Tarrytown, New York, US
Jul 13, 2018
Required Education
Bachelors Degree
Position Type
Full time
Position Summary

Known for its scientific and operational excellence, Regeneron is a leading science-based biopharmaceutical company that discovers, invents, develops, manufactures, and commercializes medicines for the treatment of serious medical conditions. Regeneron commercializes medicines for eye diseases, high LDL-cholesterol, atopic dermatitis and a rare inflammatory condition and has product candidates in development in other areas of high unmet medical need, including rheumatoid arthritis, asthma, pain, cancer and infectious diseases.


The Associate Director Clinical Monitoring is responsible for building up and development of the Clinical Monitoring. The incumbent will be responsible for development and implementation of standards and best practices for effective clinical monitoring of investigational sites to ensure adherence to GCP and required regulations and to meet recruitment targets. In close collaboration with the appropriate individuals within the CPMO, responsible for the continuous process improvement for clinical monitoring. Responsible for managing staff and providing leadership to the staff of the Clinical Monitoring Unit.


• Ensures adherence and compliance with all legal and regulatory requirements for the company

• Ensures that all administrative processes run properly

• Ensures that good communication channels are established within the Clinical Monitoring and with the clinical study teams for effective information and communication flow

• Ensures appropriate staffing and resource utilization of the clinical monitors and for the clinical trials

• Provides oversight of the work of the clinical monitors to ensure adherence to GCP and monitoring plans and performs co-monitoring or monitoring oversight visits as appropriate

• Provides input and supports the selection of appropriate trial sites in the US and Canada

• Has a comprehensive overview of the clinical projects, the main studies, the responsibilities and functions within the teams and the overall strategies within the projects and within the company.

• Maintains current scientific knowledge. Collaborates in the development, maintenance and adherence to SOPs and Working Instructions, standards and best practices to support effective clinical trial management, clinical trial assistance and clinical monitoring of investigational sites and continuous process improvements

• Oversees Company global processes to ensure their adherence to the local legal requirements and regulations

• Collaborates with the management of CTM and CCT in resolving systematic errors detected in audits

• May have direct supervisory responsibilities for CTM staff. Line management responsibilities including work assignments, performance management, professional development, recruiting, ongoing training, and study support/oversight.

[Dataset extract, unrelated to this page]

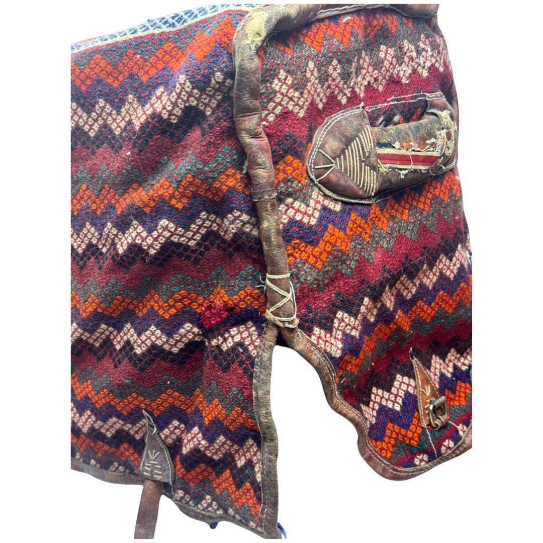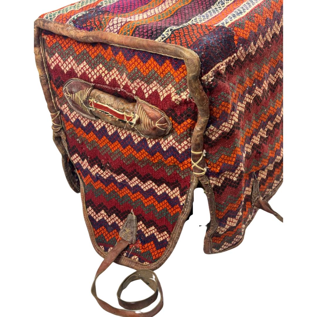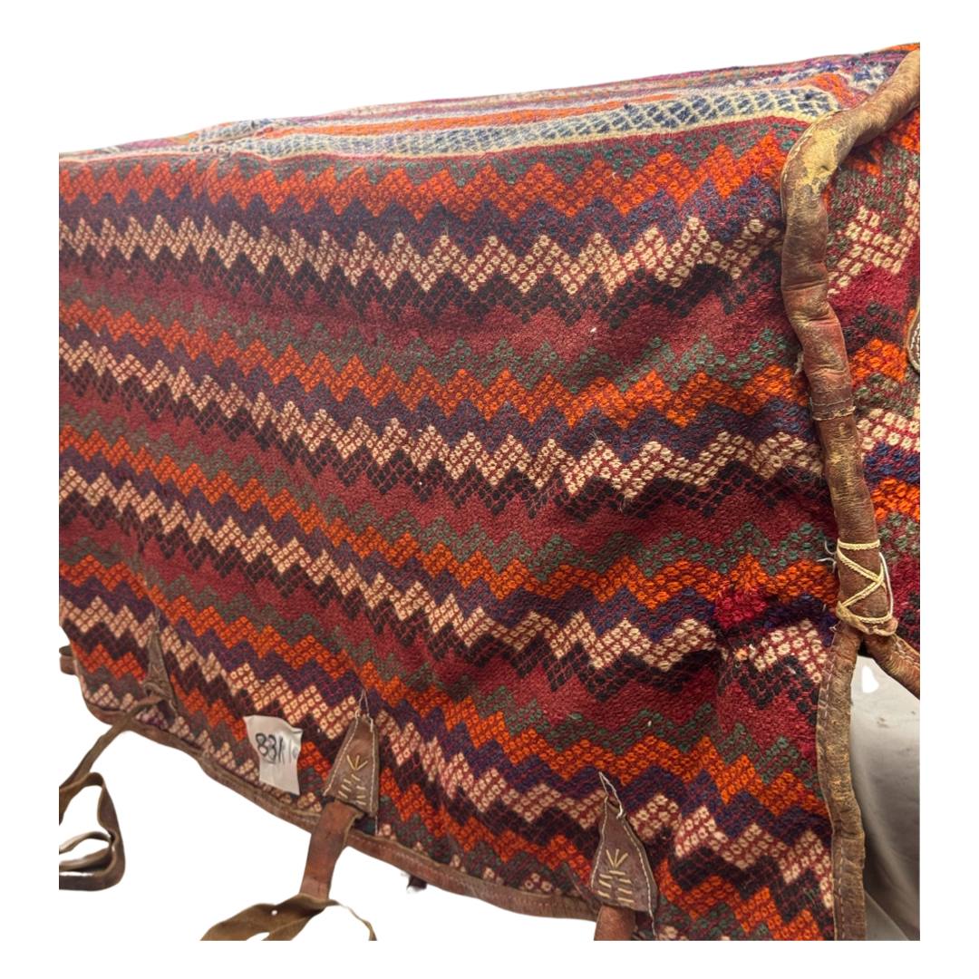 cargo bag or Mafrash - bedding bags, the front, back and side panels Hand knotted rug, mother and baby paisley repeating red and ivory , brown , within geometric motif secondary borders. Mafrash have been made in the largest numbers by Shahsevan tribal people and other groups in NW and across the border in Azerbaijan. Others were made in Georgia and Armenia. A majority are intricately woven soumak; others are slit-tapestry, sometimes with narrow contrasting soumak bands. Bags have been made by nomads for storage of bedding in their tents, and for use as cargo bags. They were normally made in pairs which could be balanced over the backs of camels on migration. In the marketplace, Mafrash were woven in three parts, and then assembled.

• Accountable for objective setting and performance management of direct reports to ensure delivery of agreed upon objectives

• Identifies training needs for the department
Creates an environment that attracts, develops and retains high quality employee


• Demonstrated experience in drug development, including design and execution of global clinical development programs

• Experience in European, FDA and local regulations and ICH-GCP

• At least 5 years of leadership experience.

• Ability to mentor and develop people

• Profound experience in clinical trial management and clinical monitoring.

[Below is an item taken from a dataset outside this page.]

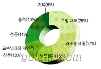 총 1백10명의 의견을 들은 결과, ‘수업태도(발표, 질의 등)’가 28%로 가장 많았고, ‘과제물 제출’이 17%, ‘노트필기’ 15%, ‘교수님과의 개인적 친분’ 13%, ‘전공(본인 전공, 타전공)’ 11%, ‘출석’ 10%, ‘기타’ 6%로 나타났다.

• Excellent problem solving and team building skills.

• Excellent management and leadership skills
Bachelor's degree and 8-10 years of relevant experience, 7 years experience in clinical monitoring.

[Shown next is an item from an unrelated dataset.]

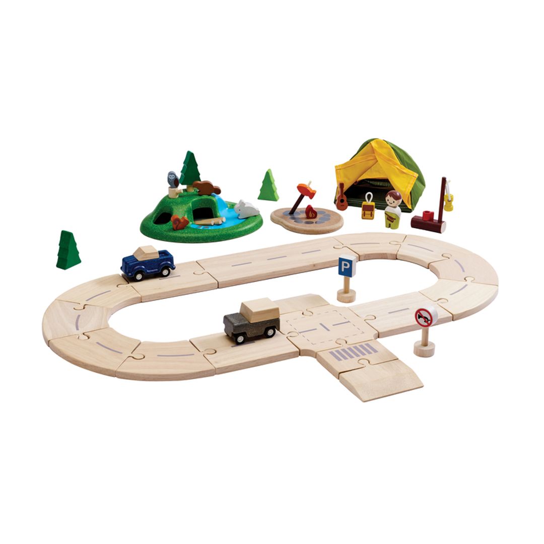 - The set includes 47 pieces wooden road tracks vehicles explorer accessories camping gear and forest animals

This is an opportunity to join our select team that is already leading the way in the Pharmaceutical/Biotech industry. Apply today and learn more about Regeneron's unwavering commitment to combining good science & good business.

To all agencies: Please, no phone calls or emails to any employee of Regeneron about this opening. All resumes submitted by search firms/employment agencies to any employee at Regeneron via-email, the internet or in any form and/or method will be deemed the sole property of Regeneron, unless such search firms/employment agencies were engaged by Regeneron for this position and a valid agreement with Regeneron is in place. In the event a candidate who was submitted outside of the Regeneron agency engagement process is hired, no fee or payment of any kind will be paid.

Regeneron is an equal opportunity employer and all qualified applicants will receive consideration for employment without regard to race, color, religion, sex, national origin, sexual orientation, gender identity, disability status, protected veteran status, or any other characteristic protected by law.